A couple of friends and I like to play a game where we mess with strangers through text messaging.  We’ll each give each other a phone number from our phone that the other doesn’t have, and start from there.

Every day this week, I’ll be posting one of those text interactions.  Today, you get two, because I won’t be around on Tuesday.  We’ll end on Friday with the series of messages that almost led to my arrest.

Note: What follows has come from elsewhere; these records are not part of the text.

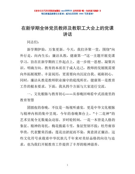 / 在新学期全体党员教师及教职工大会上的党课讲话
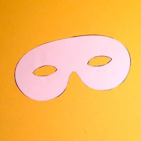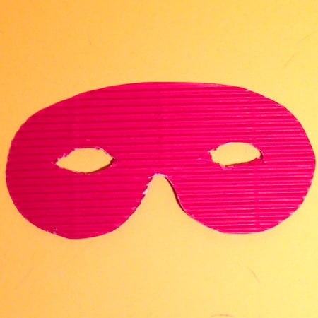 - Con la punta delle forbici, fare un piccolo buco su entrambi i lati della maschera. Infilare il filo elastico trasparente, fissarlo annodandolo. Servirà per indossare la maschera!
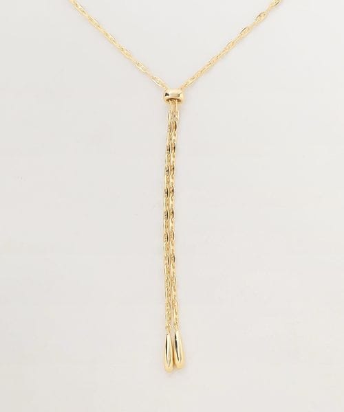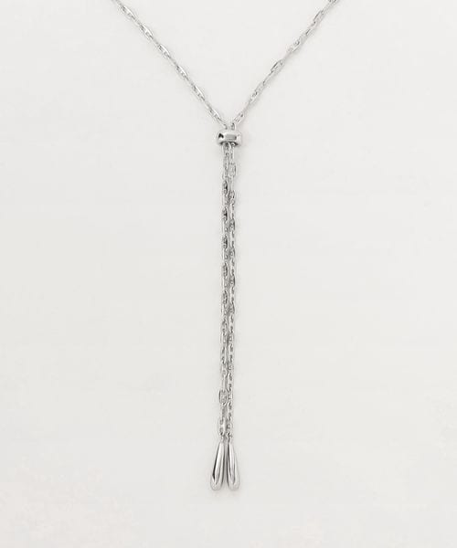 デザインチェーンがポイントになった、シンプルルックなループタイネックレス。
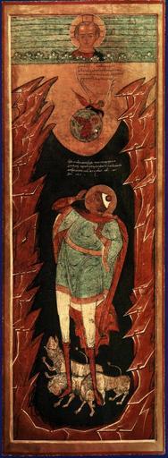 Keywords: Icon daniel.jpeg Russian icon of Daniel with lions П о ок Даниил во ву львином с об азом Х иста Эммануила в небесах Боковая две ь иконостаса XVII век Поволжье П о ок Даниил во ву львином Боковая две ь иконостаса 17 век Поволжье Де ево левкас темпе а 170х61 см В вытянутый по ве тикали фо мат искусно вписан основной сюжет дополненный эпизодом посещения Даниила п о оком Аввакумом Композицию заве шает об аз Х иста Эммануила в небесах Изоб ажения Даниила во ву львином были ха акте ны для боковых две ей усских иконостасов XVI- XVII веков В настоящее в емя подобные п оизведения являются едкостью Икона исполнена в легкой свободной мане е; с особым изяществом на исованы фигу а Даниила и как бы взбегающие к небу го ки Тво ческая свобода иконописца в об ащении с художественным наследием убежа XVI- XVII веков свидетельствует о х онологической близости памятника этому пе иоду Икона может быть дати ована пе вой т етью XVII в Ее локализация зат уднительна Редкость и художественные достоинства памятника делают его ценностью музейного значения http //www bibliotekar ru/rusIcon/22 htm century 17 Anonimous PD-old-100 Daniel in the lions' den 17th-century icons of Russia Files uploaded by Shakko from various sources Icons of Daniel Icons of Povolzhie Iconostases in Russia Icons with lions Deacon door icons with Paradise
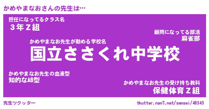 | ヘコむあだ名 | 『かめもー』『レバニラ』『かめを』 |
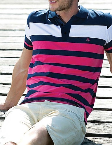 Hombre Camiseta de golf polo de golf Trabajo Casual Diseño Manga Corta Básico Moderno Bloque de color A Rayas Retazos Botón Primavera verano Ajuste regular Vino Azul Marino Verde Camiseta de golf
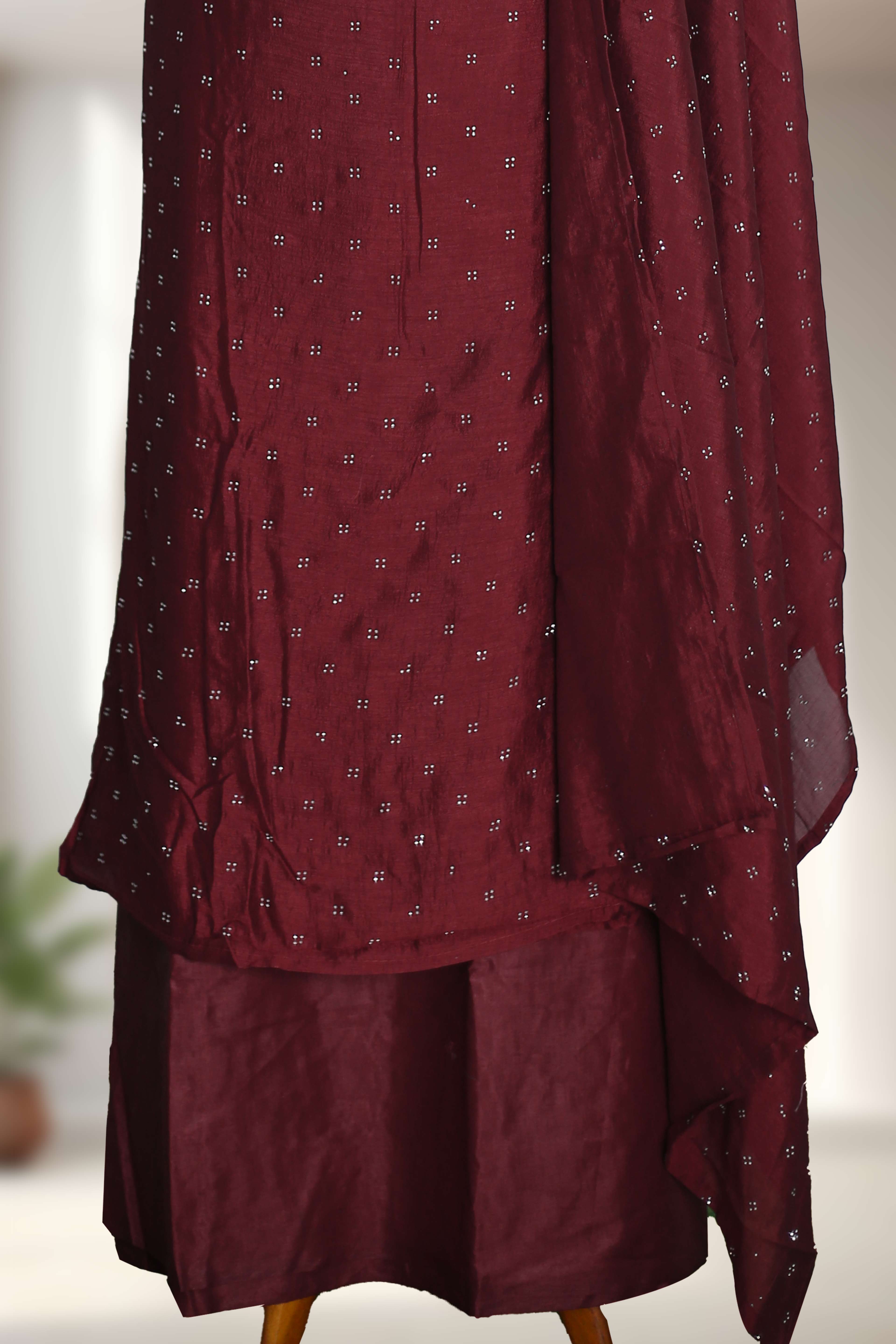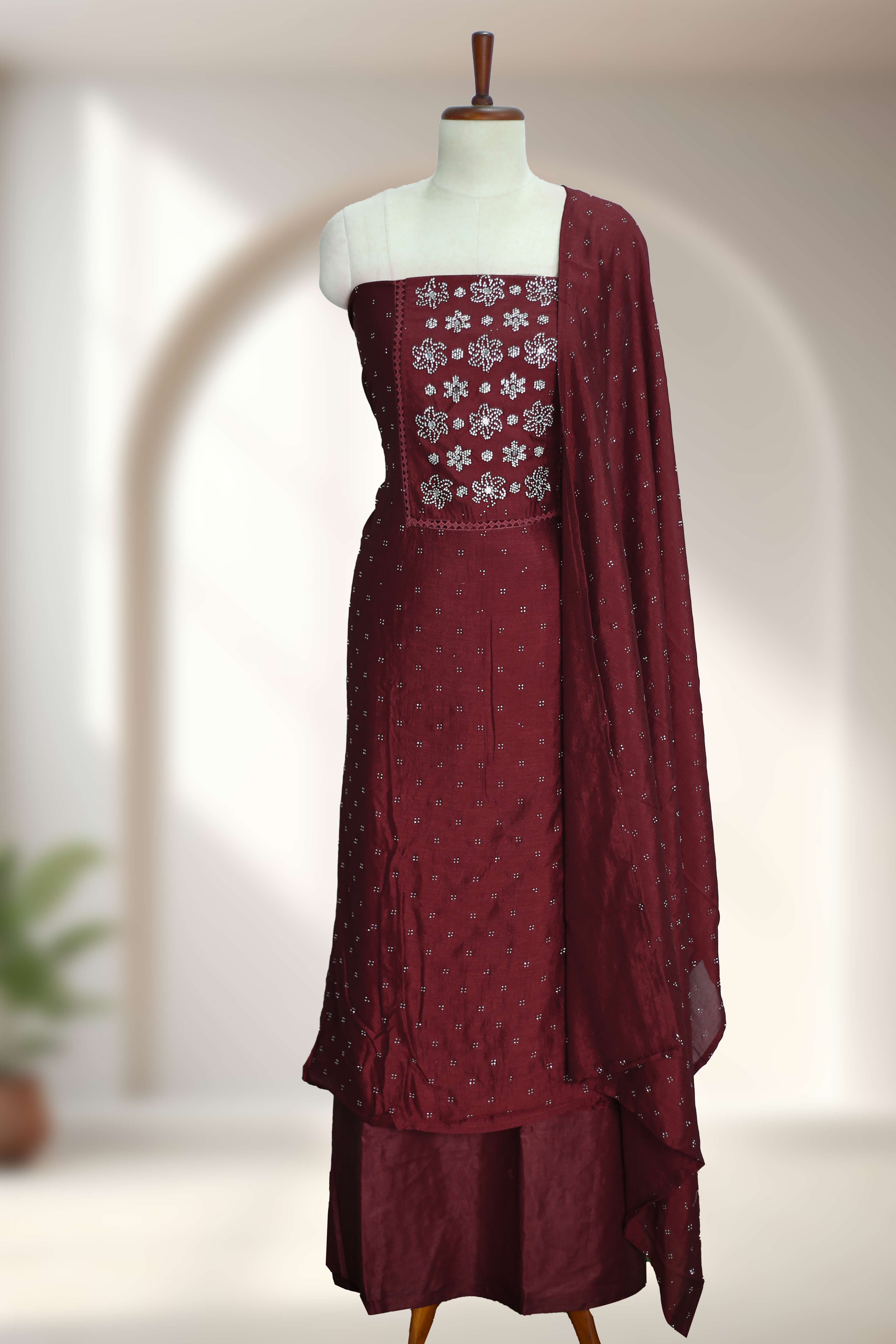 Rich silk fabric with elegant stone and mirror embellishments
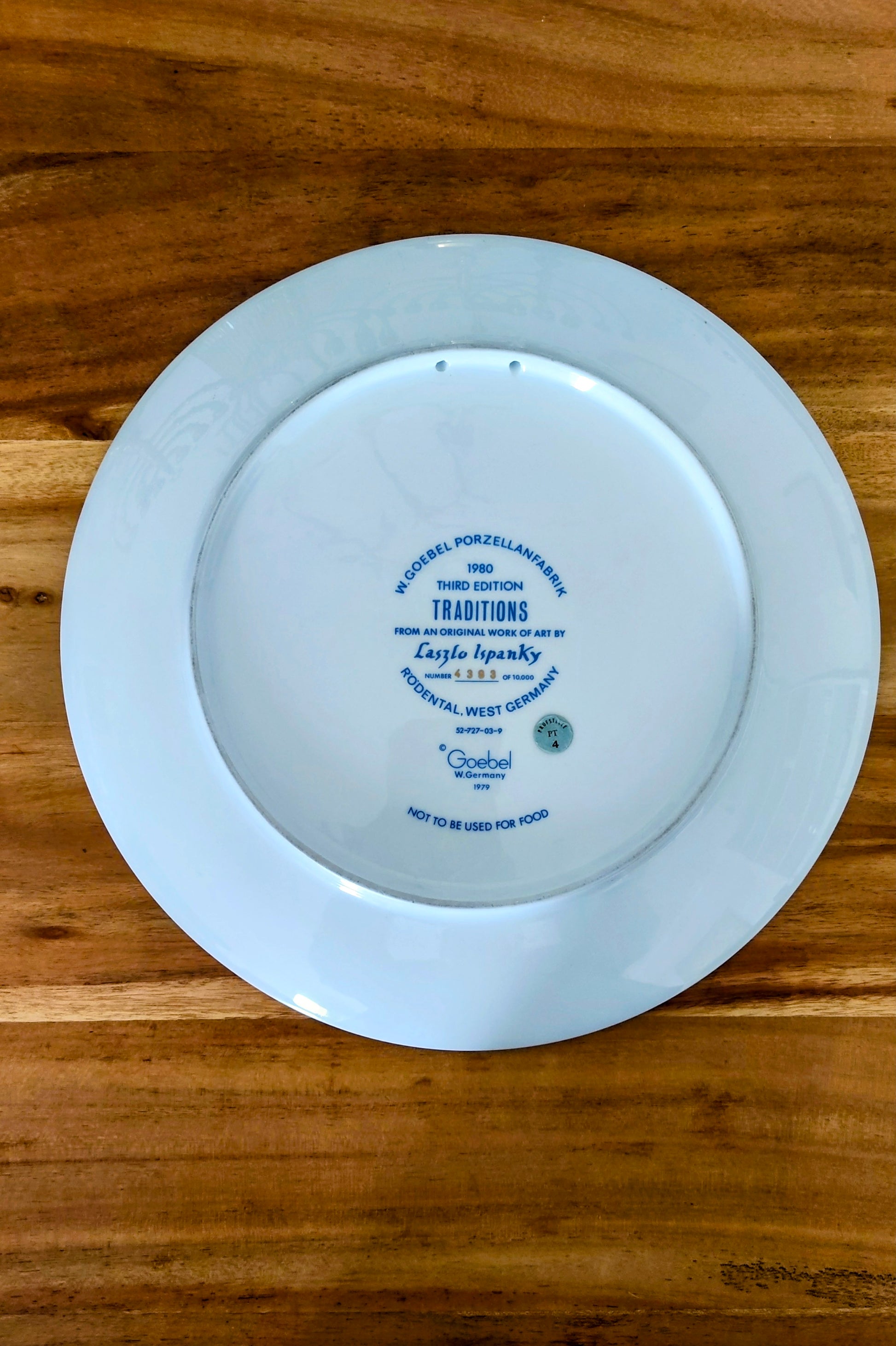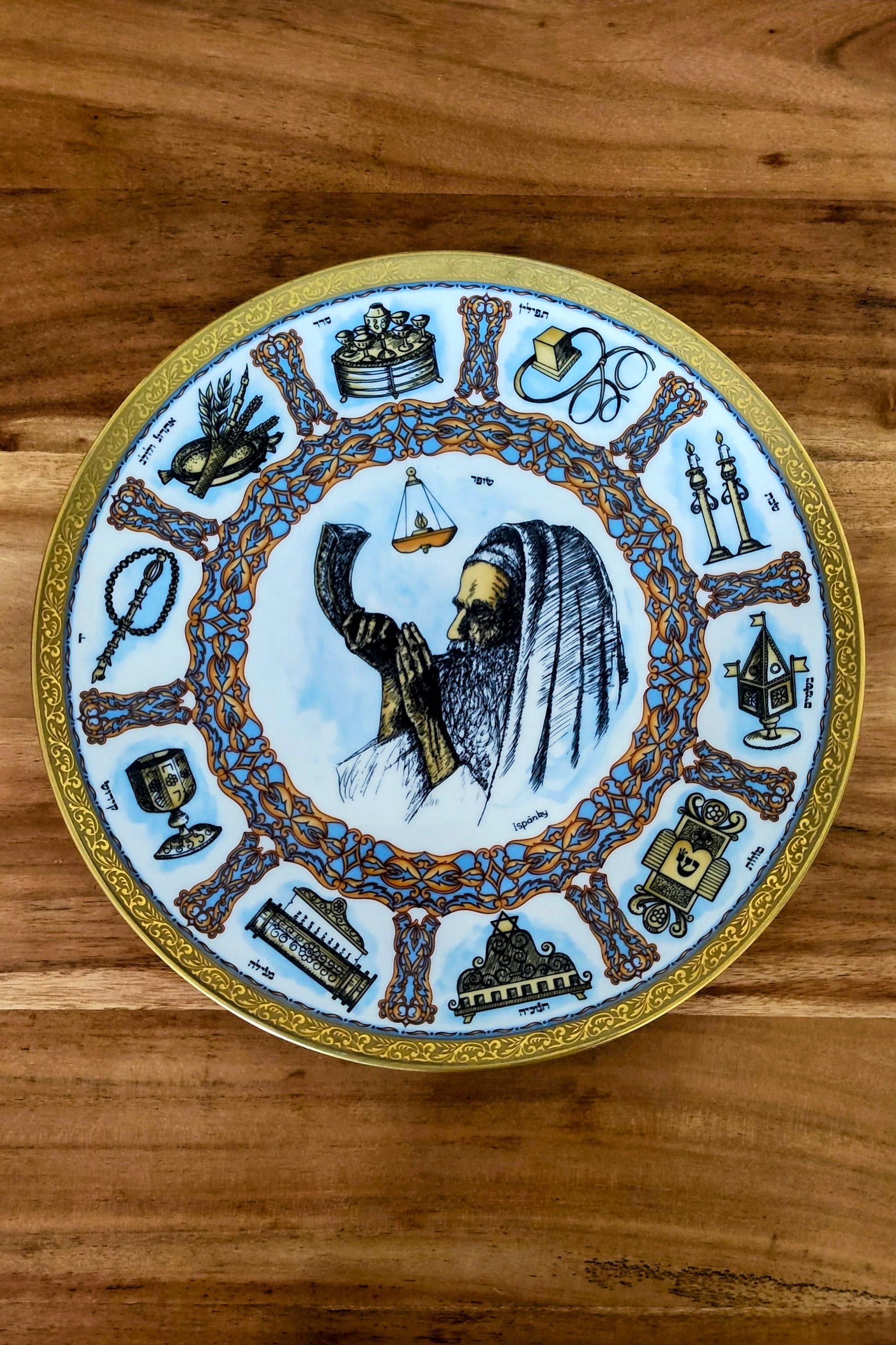 Dieser imposante Teller mit einem Durchmesser von 30 cm ist ein außergewöhnliches Zeugnis jüdischer Zeitgeschichte im Porzellandesign. Er gehört zu einer exklusiven Serie der Manufaktur Goebel, die im Jahr 1980 ganz gezielt den jüdischen Traditionen gewidmet war.

_________________________________________________________________________________________

Aug. 16th.  11:04pm.  919 area code.

Greg: It’s 14 fucking degrees in here!

919: Where are you and who is this?

Greg: In my freezer.  It’s Jake.  They put me in here as a joke and now I can’t get out.  I think they left.

919: Jake who?

Greg: Jake Sanders.  My phone is about to die.  Call Kim and tell her to let me the fuck out.

919: I think you have the wrong number, good luck getting ot of the freezer.

Greg: Can’t even eat the fucking food in here because it’s fucking frozen.

Greg: HELP!

919: Who are you trying to text?

_________________________________________________________________________________________

618 area code.

Oct 4, 12:34 am  Greg: Just want you to know that your bro just stole $170 from me.  Little pissed right now.

Oct 4, 1:19 am  Greg: And now my girl broke up with me because I don’t have any money to take her out for her birthday tomorrow.  I hope he’s happy.

Oct 4, 3:18 am  Greg: My girl came back and she won $200 at Bingo, so we’re cool now.  Not even made about the $170. (If he wants to bring it back, though, I’ll take it.  Kind of want to buy that Beatles Rock Band set.)